I don't think about myself often.

If I do, I usually end up spiraling into a depression because the concept of life scares me. Existence is terrifying. The fact that we, our planet as a whole, are but a speck in a vast and somehow infinite space is horrifying. How does that even work? How can something be infinite? What lies outside of the infinite?

I ramble when I write just like when I talk. It's a good think I can type pretty much as fast as I think. I have a lot of thoughts and too few emotions. Or too many emotions. Still haven't quite figured that out. I feel a lot, I guess, but I don't recognize or can't name most of them.

I don't think I regret a lot in my life. There are small things like thinking I could steal $80+ worth of stuff from Walmart and getting caught but even that is a fleeting thought because they just made me pay and gave me a warning. I got cocky and I've learned since then.

I regret small things that speak a lot to my character as well. It's a small thing to get fast with my hands (I'm referring to riding horses right now), but it speaks to my character that I not only do it so quickly but so easily. I don't think twice about it and only regret it after the fact. I'm too emotional when I ride but I also think that riding is one of the few places where I feel so little.

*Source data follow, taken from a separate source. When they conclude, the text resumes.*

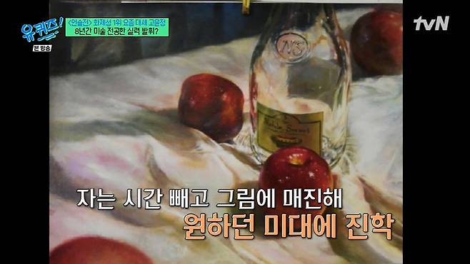 자는 시간 빼고 그림에 매진해 원하던 미대에 진학한 고윤정은 "미술 잘한다고 해서 미대에 왔는데 저만큼 잘 그리는 사람은 너무 많고, 거기서 벽을 느꼈던 것 같다"고 했다.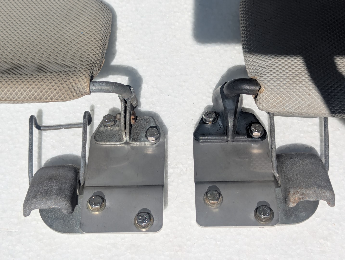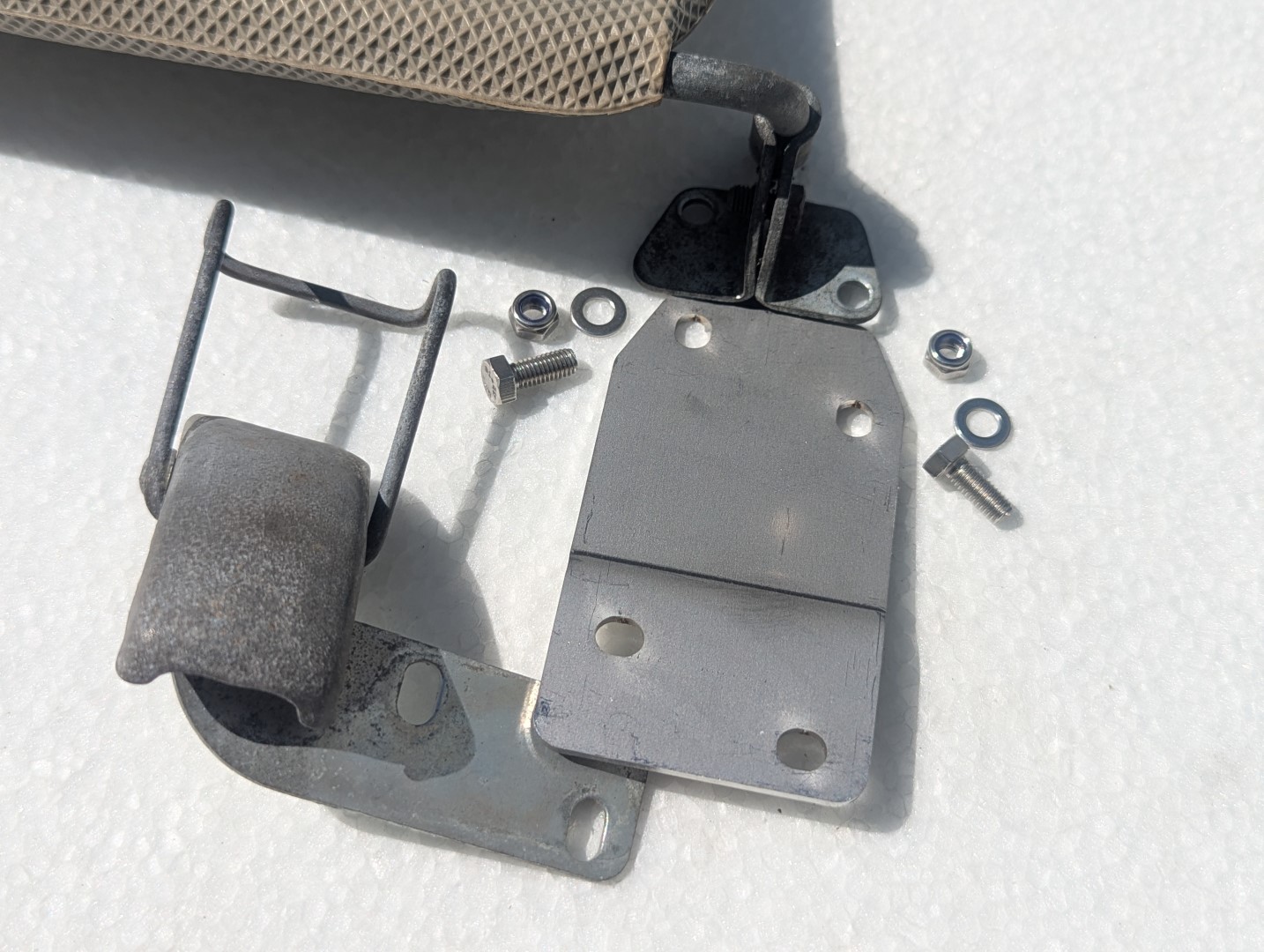 - Place the Visor-Riser bracket over the plate of the hook mechanism and secure them both with the original screws & washers. (The oval holes in the V-R bracket allow it to be positioned so that there is sufficient room for the roof securing hook to move freely, regardless of which side of the car you are fitting it to).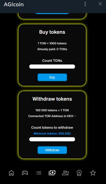 В AGI Coin можно пополнять счет в TON, за которые те, кто не может привлекать рефералов, могут покупать уровни. Вывод заработанных очков в криптовалюту производится прямо в игре, для вывода 1 TON нужно отдать 100 000 очков. При этом минимум для вывода составляет 5 TON.

Where everything is blocked out and I refuse to feel.

I almost regret the way I broke up with an old friend of mine but looking back on it, though it was shitty how it happened, it was bound to happen within the few months that followed. It was a tough time in general but that was a few months before the start of the pandemic. This friend, I should mention, was a very casual but rampant racist. The moment COVID-19 really hit and then the BLM movement got a strong wind, I know we would have been on complete opposite sides of that debate. I could see it now, her acting as a discount Kyle Rittenhouse and complaining about the difference between 'good black people and god-awful niggers' while I try for two seconds to keep a decent friendship before giving up and bashing her in every way possible. I'm now grateful that it ended up the way it did because she really was trash. It caused a divide in our friend group for a little bit but it wasn't that bad.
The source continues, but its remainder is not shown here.